§ **WHAT IS REQUIRED**
Nothing but the lines from the one containing "Plano de definición de la parcela" through the end of the data below should appear in the answer, each exact and free of pictures.

§ **RECORDS TO PROCESS**
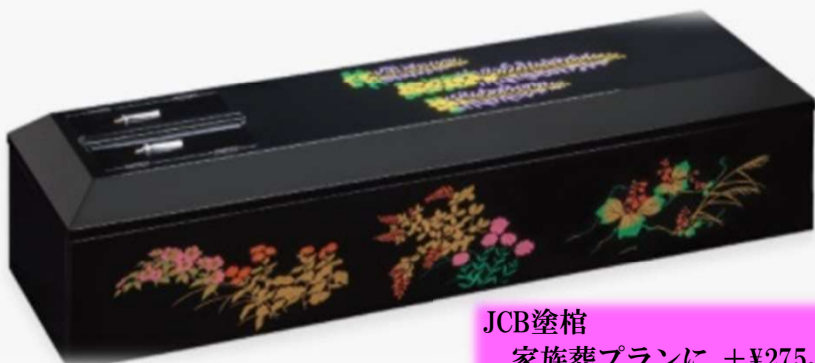
JCB塗棺 家族葬プランに +¥275,000 (税込) 一般葬プランに +¥242,000 (税込)
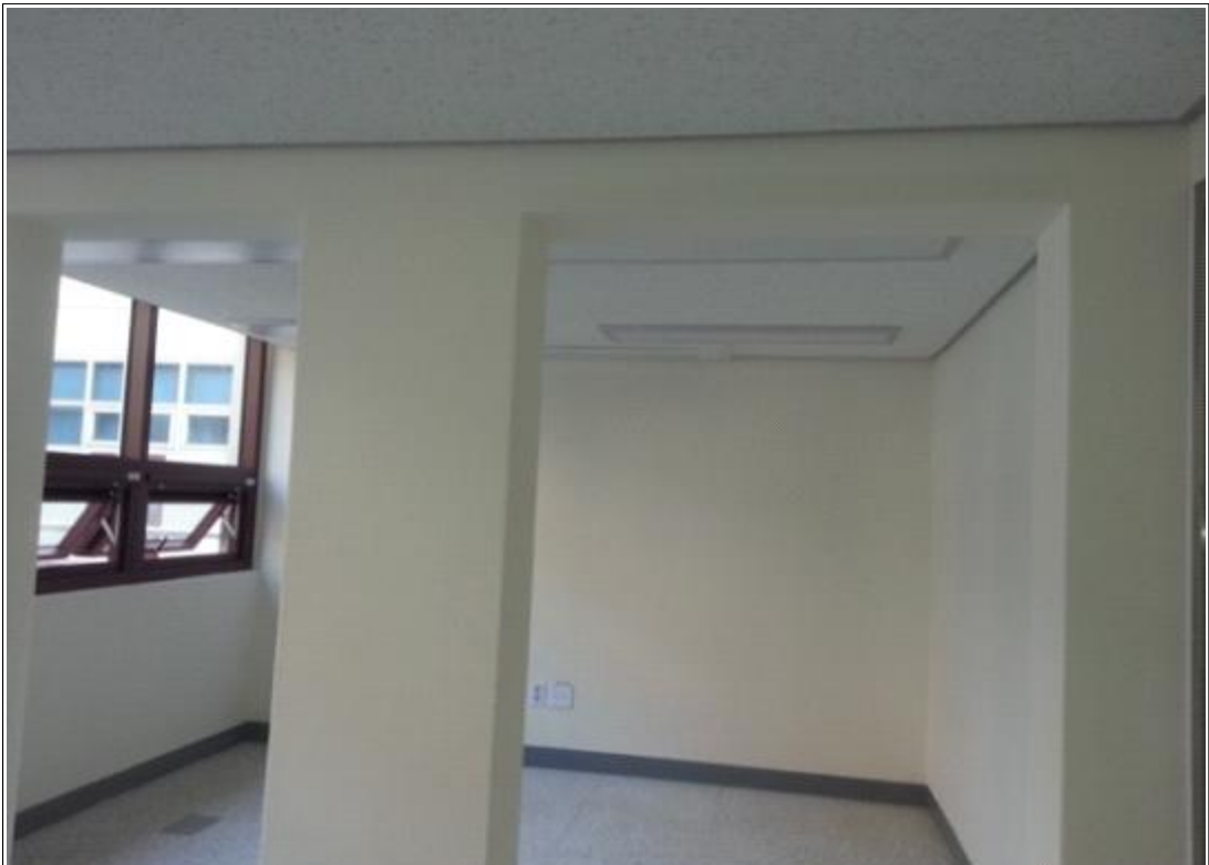
내용 : 2층 센터 사무실
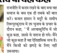
राजनीति में कदम रखने के बाद बना वह समाज के बस एक ही तबके की बात करे। कमल हासन ने मद्र के समीप तिरुचिरापल्ली में जा चुनाव के प्रचार के दौरान कहा, 'मैं अरुवाकुटिच में जो कुछ कहा, उससे मे नाराज हो पारे। मैंने जो कुछ कहा है वह ऐतिहासिक सच है। मैंने किसी को धमके के लिए नहीं उरनुवाया।
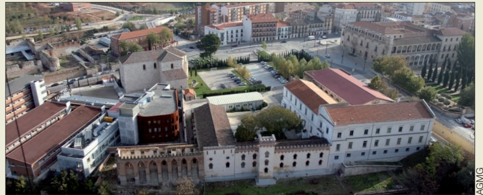
Vista aérea de las instalaciones del Archivo General Militar de Guadalajara

Otros de los fondos que se encuentran disponibles en Guadalajara son la documentación relacionada con las Milicias Provinciales de Canarias, los expedientes personales de las unidades, centros y organismos disueltos, los testimonios del Consejo Supremo de Justicia Militar y los expedientes de la Dirección General de Mutilados.
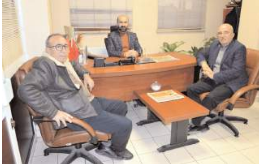
Ziyarete Çorum ve ülke gündemi üzerine sohbet edildi.
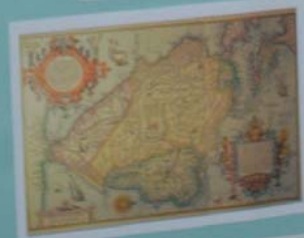
MAPA DA AMÉRICA DO SUL - 1799 Mapa elaborado por Pires e gravado por Pires, Original na Biblioteca de Lisboa, Portugal. O mapa de Pires foi o primeiro a mostrar o rio Paraíba com o nome atual, e também a mostrar a cidade de João Pessoa, que ainda não tinha sido fundada.
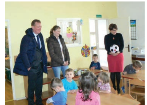
Návštěva Mateřské školy Kralice na Hané
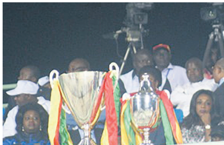
Une vue des coupes du Congo des deux versions exposées lors de la finale Diables noirs-Cara à Sibiti

Dans les Plateaux, une rencontre 100% Djambala est au menu. Elle mettra aux prises
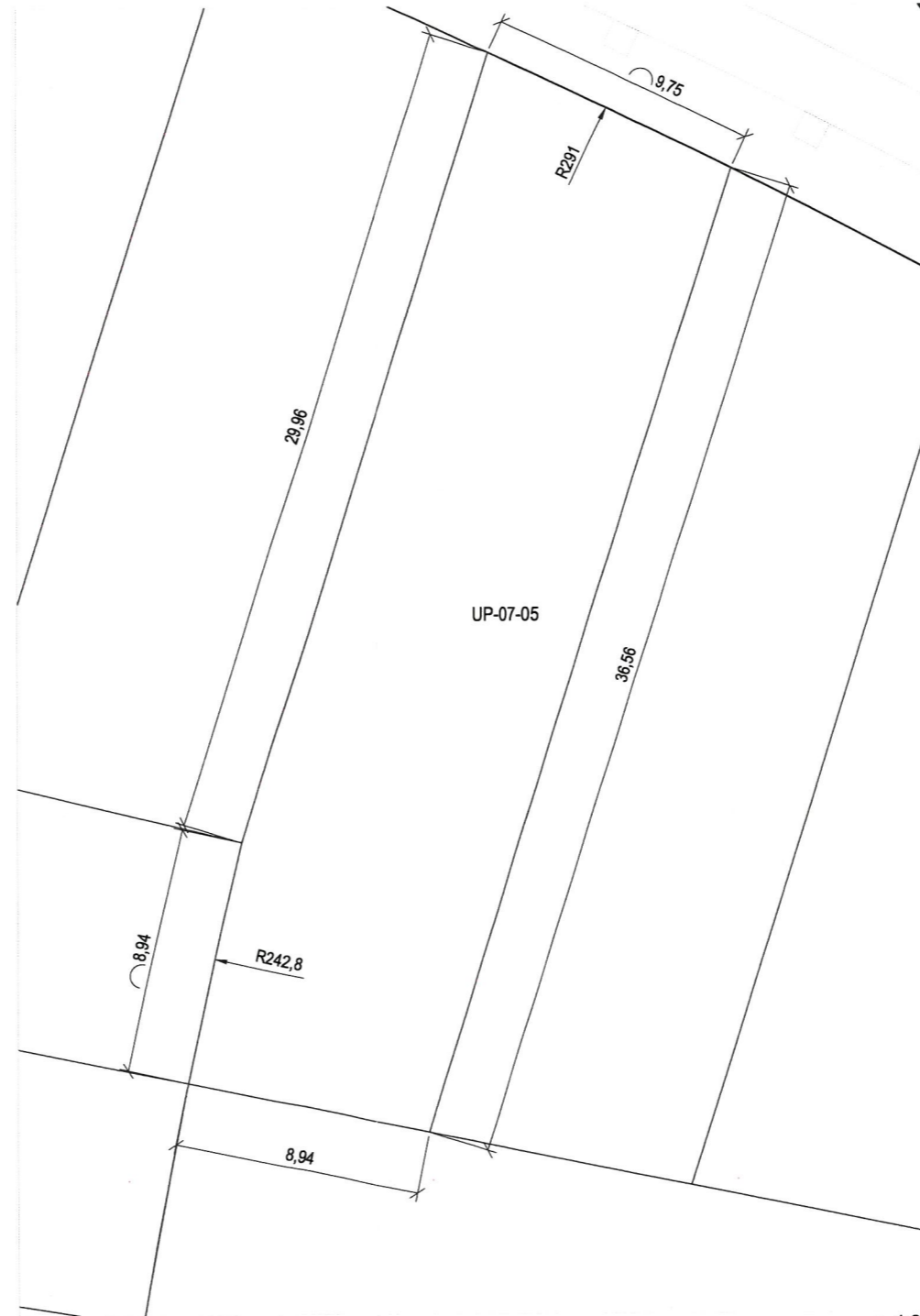
Plano de definición de la parcela
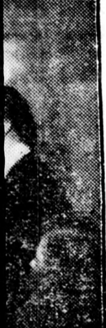
mben, a ter- rormmel veszi továbbm is pártjának.
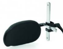
Control de tronco

§ **RESPONSE TO THE EXERCISE**
Plano de definición de la parcela
mben, a ter- rormmel veszi továbbm is pártjának.
Control de tronco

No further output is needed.